C'est enfin cette période de l'année, où nous célébrons la « Straight Pride ! Et franchement, il était temps. Pendant des siècles, les personnes hétérosexuelles ont été opprimées, marginalisées et forcées de vivre dans l’ombre d’un monde impitoyablement dominé par les queers. Il est temps de s'attaquer à cette inégalité flagrante et de célébrer enfin la joie, le triomphe et l'esthétique magnifiquement beige d'être hétéro.
Tout d’abord, revenons sur notre histoire simple. Même avant les années 1960, les personnes hétérosexuelles étaient régulièrement ciblées, harcelées et arrêtées simplement pour se tenir la main en public.

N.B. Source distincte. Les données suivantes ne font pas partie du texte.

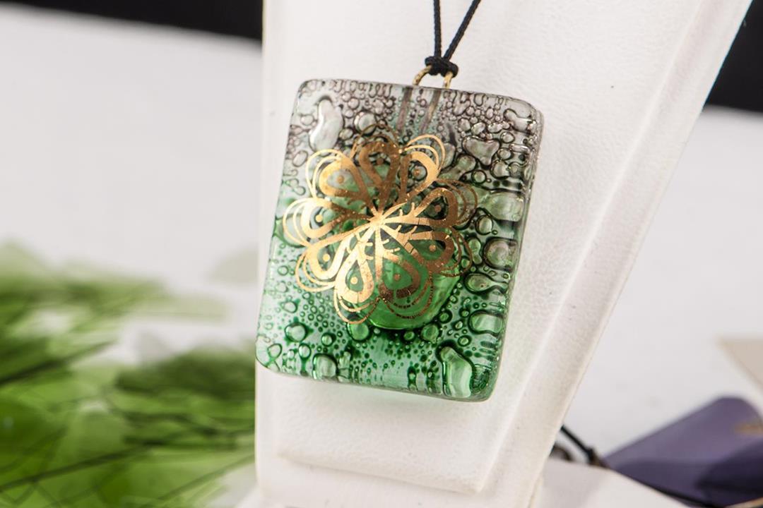 Cam füzyon yeşil-gri bouble Anadolu medeniyeti kolye. %10 altın içerir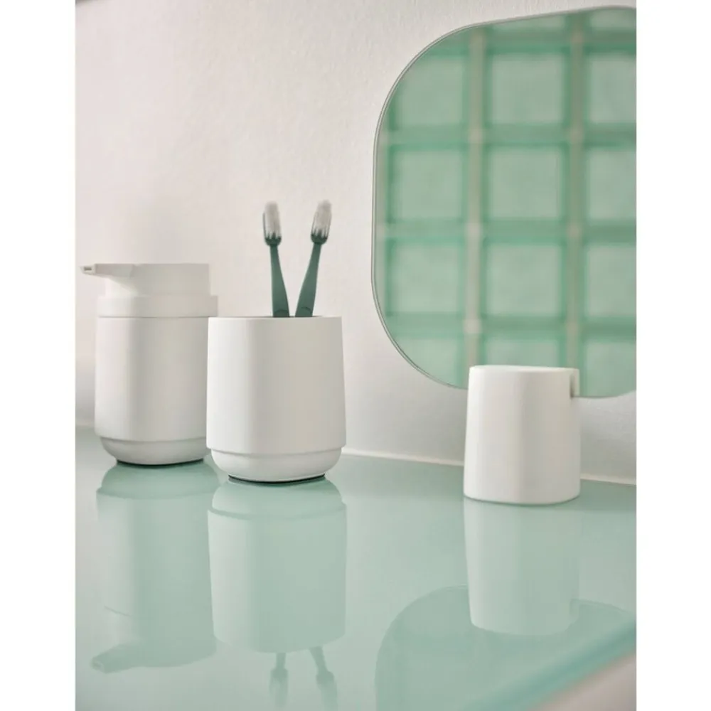Bordspejlet i hærdet glas med betonfod har et organisk og enkelt udtryk. Det stjæler ikke rummet, men glider naturligt ind i indretningen på både badeværelse, soveværelse og entrehylde. Beton er et populært materiale, da det passer godt sammen med naturmaterialer som træ, keramik og sten. Desuden har beton den fordel, at det bliver brændt ved lavere temperatur end keramik, så man sparer en smule på energien under produktionen. Designteamet Mavro//Lefèvre står bag denne stilsikre udvidelse af Time-universet.

Attends, mon éditeur me murmure à l'oreille. Correction : c'était en fait homosexuel personnes. Mon erreur ! Mais je suis sûr que si nous fouillons suffisamment dans les archives, nous découvrirons une époque où les hétérosexuels étaient persécutés en raison de leur orientation. Non? Rien dans la base de données ? Hein.
Eh bien, peu importe ! Les hétérosexuels devraient toujours pouvoir célébrer l’acte courageux d’être exactement ce que la société attend d’eux. Qu'est-ce qu'il ne faut pas célébrer ? Imaginez le courage qu’il faut pour embrasser une attirance pour le sexe opposé sans la moindre crainte de représailles sociétales. Ce n’est pas comme si l’hétérosexualité était le paramètre par défaut depuis l’aube de la civilisation humaine. Ils méritent un défilé ! Bien sûr, les hétérosexuels constituent la grande majorité de la population, mais nous sommes dans une époque moderne : chacun reçoit un trophée de participation.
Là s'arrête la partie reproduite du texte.